2025-07-02, 16:00–16:20 (Europe/Paris), Amphitheater 122
Wireshark is a widely used tool when it comes to view the contents of a network traffic capture.
When reversing a protocol, we tend to develop a simple program with a "simple" programming language (Python, Go...) to parse what is currently known.
The most logic way would be to develop this program as a Wireshark plugin, but the Wireshark plugin API is rarly used, since it's quite complex and does not fit for a quick and dirty task.
Wirego allows simple development of Wireshark plugins in Python and Go (and maybe more).
Developing plugins for Wireshark is quite complex. The API in written in C, dates from 1998 and is quite poorly documented. When working on a protocol, the reverser wants to stay focus on its main task and really doesn't want to go deep inside the Wireshark source code.

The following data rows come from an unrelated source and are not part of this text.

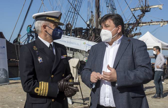 Asimismo, el presidente de la Fundación Nao Victoria, José Fernández de Cabo y el primer oficial del Galeón Andalucía, director de la Gira Exploraterra 2022, Rafael Yáñez han hecho un llamamiento a los onubenses para que apoyen esta iniciativa visitando las naves.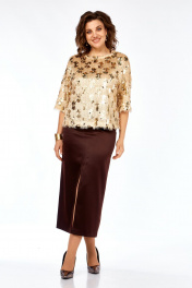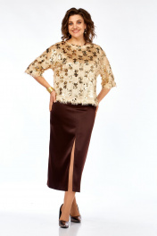 Блуза, юбка Ольга Стиль Л-433 золото-коричневый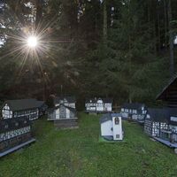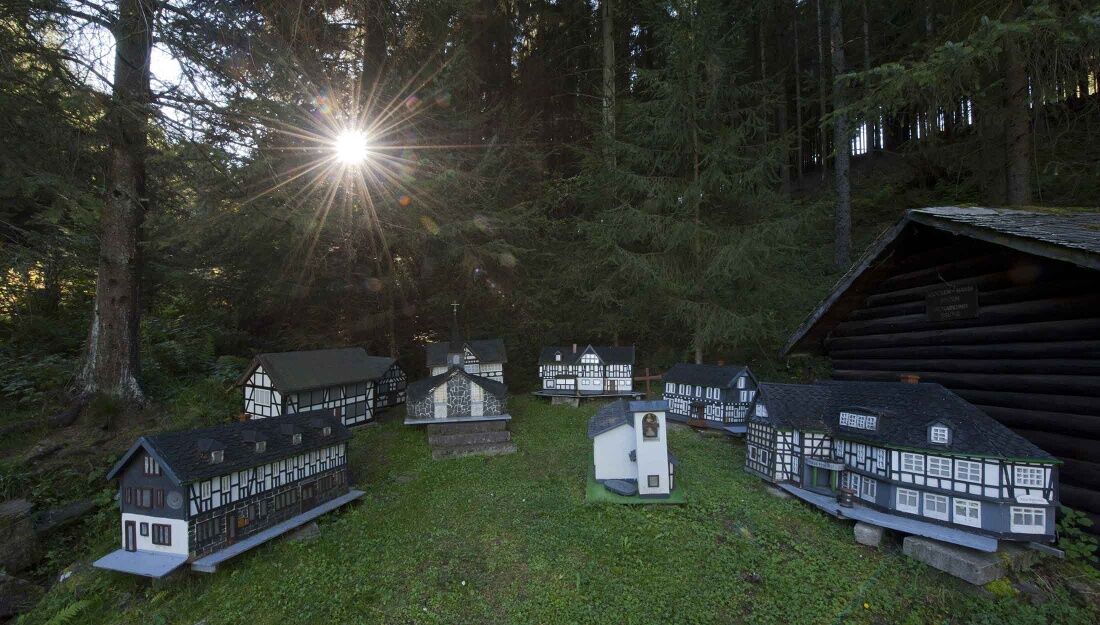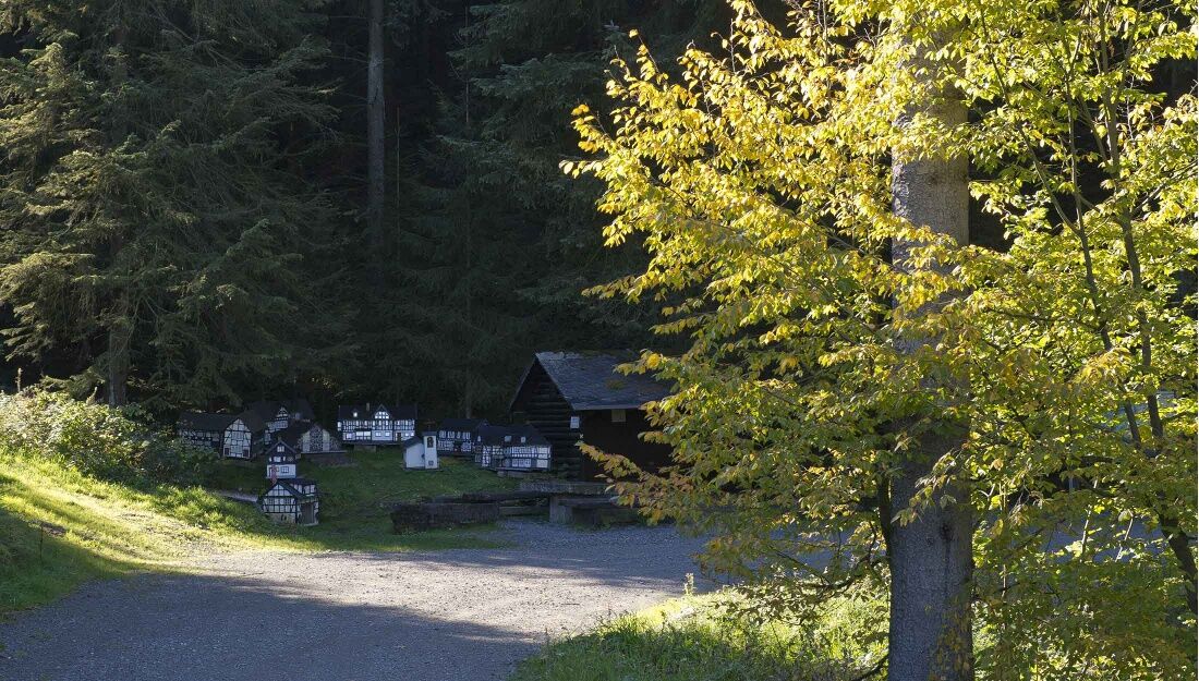 Weiter geht es mit dem Wanderzeichen der Golddorf-Route. Sie überqueren die L839, zwischen Grevenstein und Wenholthausen. Ca. 200 m nach der Straßenüberquerung verlassen Sie das Wanderzeichen der Golddorf-Route und folgen stets dem Zeichen W6 bis zum Miniaturdorf Hammerkotten. Etwa 400 m hinter dem Hammerkotten halten Sie sich rechts, kurz danach wieder rechts und dann links mit dem Wanderzeichen X13. Nach ca. 1,2 km wenden Sie sich an einer Kreuzung mit vielen Wanderzeichen links mit dem E2 in Richtung der SGV-Hütte.

Wirego is a based on a Wireshark plugin which is ready to use and re-emits the Wireshark calls to a ZMQ (Zero-MQ) endpoint.
A package/class/framework for a given language receives these calls and converts them back to simple API calls. The end-user only needs to inherit a class (or implement an interface in Go) with just a few methods in order to develop his plugin.
Typically, one will simply implement seven methods in order to define the plugin name, the plugin filter (used to filter packets matching with the protocol), the list of fields eventually returned by the dissector (the parser), three methods for the protocol detection and the dissector itself.
A simple Wireshark plugin can be developed using only 100 lines of Python or less.
Wirego has been designed to easily allows the integration of additional languages.
Wirego is available on github: https://github.com/quarkslab/wirego/
I'm working on the cyber security domain since 2004.
After several years at the French ministry of Defense, I've founded two startups in the field of cryptography and I'm currently project manager at Quarkslab.
I spent most of my career designing systems and developping softwares related to vulnerability research and data processing.
I'm also a part time sound engineer in a recording studio.